It was June again, and like Dylan had sung, the times they were-a-changing. The Coca-Cola Company made a major move in packaging, from bottle containers to aluminum cans. The Beach Boys hit number one on the pop charts, and
Dr. Strangelove or Why I Learned to Stop Worrying and Love the Bomb
opened in theaters with
My Fair Lady.

But for Michael, June was hell month. Catherine Wardwell was back.

She was fourteen now, and she wore something called Erase for lipstick; it made her look too pale. She’d cut her hair short like some
Seventeen
magazine cover model. She looked pudgy and awkward and silly, as if she were trying too hard to be older.

He told her she wore too much makeup and looked half-dead. She told him his oxford shirt was buttoned too high and made him look like a geek.

It didn’t take long for her to get in his hair again. During that first week he woke up one morning and caught her peeking in the cabin window. He slipped outside and turned the hose on her.

The second week she stole a pack of cigarettes from him and had broken them all in two. He hadn’t cared much about smoking, just carried them to be cool, but to spite her he smoked all the stubs and blew the smoke in her face. She was so pig-headed she stood there and refused to run away.

But the worst incident was the afternoon he’d found a letter his dad had written to his grandfather on the day he was born, a letter that was filled with a father’s pride and dreams, things that only reminded Michael of the family he had lost.

No one had ever seen him cry; his pride would not let him show that he hurt.

But she saw him cry that day, when he was seventeen and sitting on a rock in a deserted section of the island. He thought he was alone when he sat there and sobbed in his knees.

That day she had walked right up to him and picked up the letter.

He cursed at her and tried to grab it away from her, but he could only see blurred images through his wet eyes.

She quickly stuffed it in her bra and ran away.

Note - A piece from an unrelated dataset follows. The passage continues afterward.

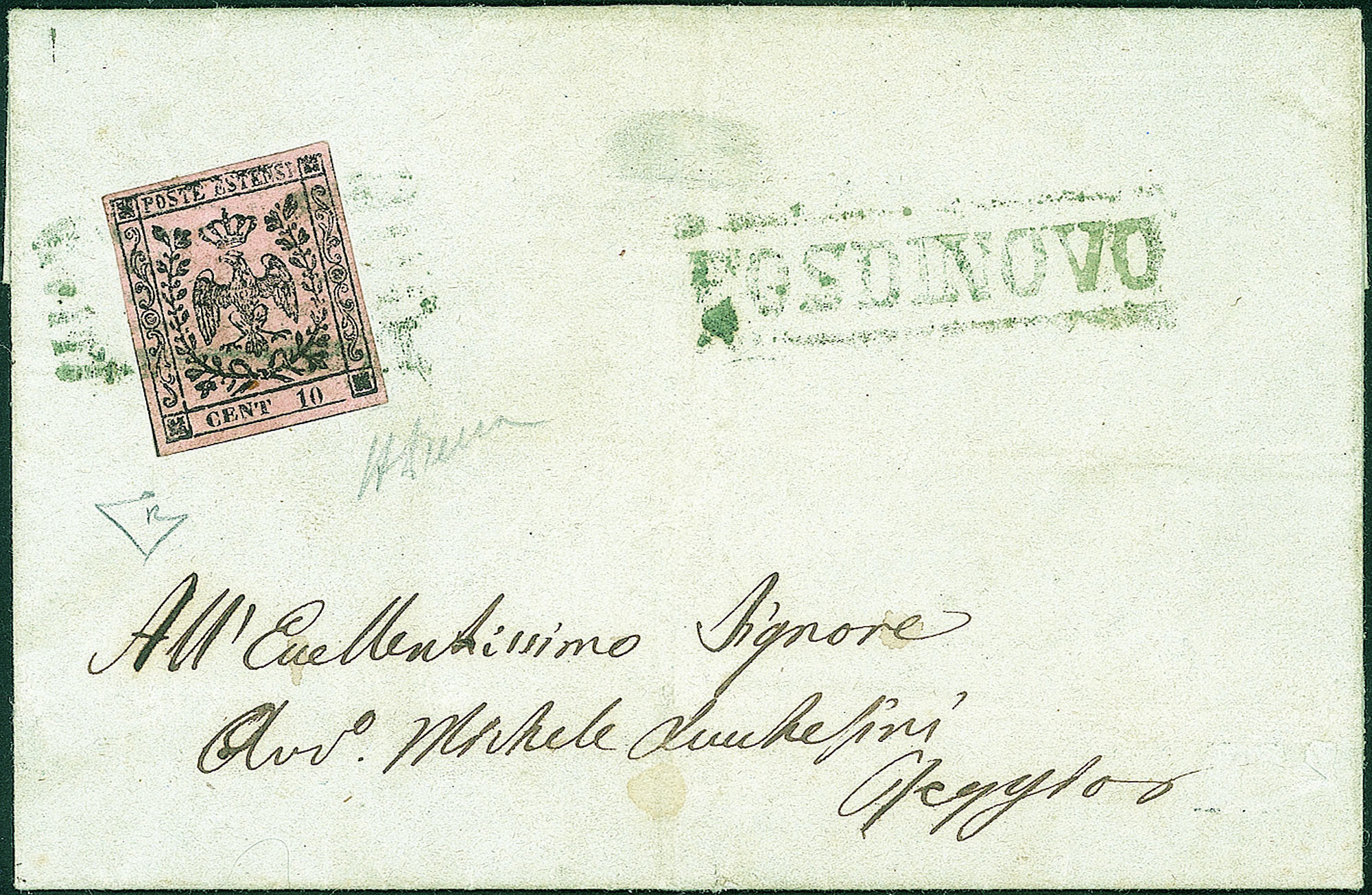 Antichi Stati Italiani - Modena - Fresca lettera da Fosdinovo affrancata con 10 cent (2b)

He didn’t have the energy to chase after her, so he just stared off into the distance, trying hard to picture his dad’s face and seeing nothing but the shadow of a tall man.

In a few minutes she came back, walking quietly.

From her tentative steps and her somber manner he could tell she’d read the letter.

She sat down next to him and handed him the crumpled paper.

He didn’t take it. Didn’t look at her. He only wanted to be left alone.

She began to smooth the paper against a rock, a lame effort to try to flatten it back to the way it had been.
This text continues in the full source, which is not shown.